Leicester City Council and the Chief Constable of Leicestershire have been ordered by the High Court to pay in all £52,000 to a claimant JW after a level 3 sex offender was housed near to the children’s home in which he lived.

The payment was directed to be split 80% by Leicestershire Police and 20% by Leicester City Council.

Stephen Simblet of Garden Court Chambers, who appeared for W, said in a commentary on the case, that the level 3 offender - one posing the most risk - was given a council tenancy at an address “a stone’s throw” from the children’s home.

Police approved the property without visiting it, which HHJ Hampton found a serious failure on the part of the multi-agency process to identify the home or share information with its senior staff about the offender’s presence.

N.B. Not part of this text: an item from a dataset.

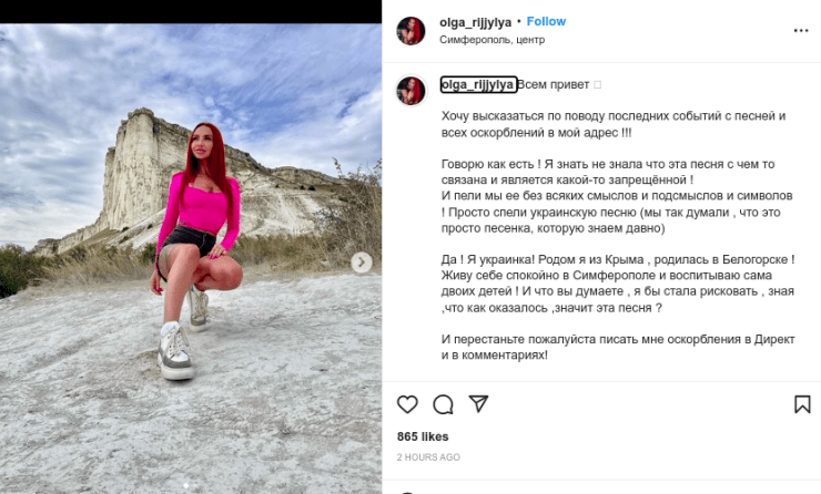 Сама Валеева в своем Instagram пишет, что не знала о запрете на исполнение данной песни, которая является неофициальным гимном УПА и стала символом украинского сопротивления РФ, и назвала себя украинкой.

HHJ Hampton ruled that the offender would not have been placed in this accommodation had the police officer concerned made himself aware that there was a children’s home nearby.

She found that staff at the home had not adequately followed up concerns raised independently by the police prior to the placement of the offender that JW might be being sexually exploited but found that staff took active steps to warn and advise JW of the dangers of alcohol abuse and substance abuse. HHJ Hampton was satisfied that staff had reasonably believed that the cause of JW’s challenging behaviour was ongoing difficulties in his family relationships. The staff there did not breach their duty to him and were not liable for any harm caused.

A Leicester City Council spokesman said: "The city council will be seeking permission to appeal this judgement and it would therefore be inappropriate to comment further at this stage.”

Laura Broadhead, a solicitor with law firm Browne Jacobson, said in her account of the case that the offender was released in the Leicester area after an earlier conviction and managed by a Sexual Offences Prevention Order.

The police asked the council to find accommodation for the offender because of the difficulty of monitoring sex offenders if they were homeless.

He was placed in a property near to the children’s home and befriended and groomed JW, sexually abusing him on three occasions. The offender was subsequently convicted of abuse.

Ms Broadhead said police evidence given at trial showed the officer concerned had not visited the property in which the offender was to be housed, but had relied on a colleague’s earlier risk assessment of a nearby property.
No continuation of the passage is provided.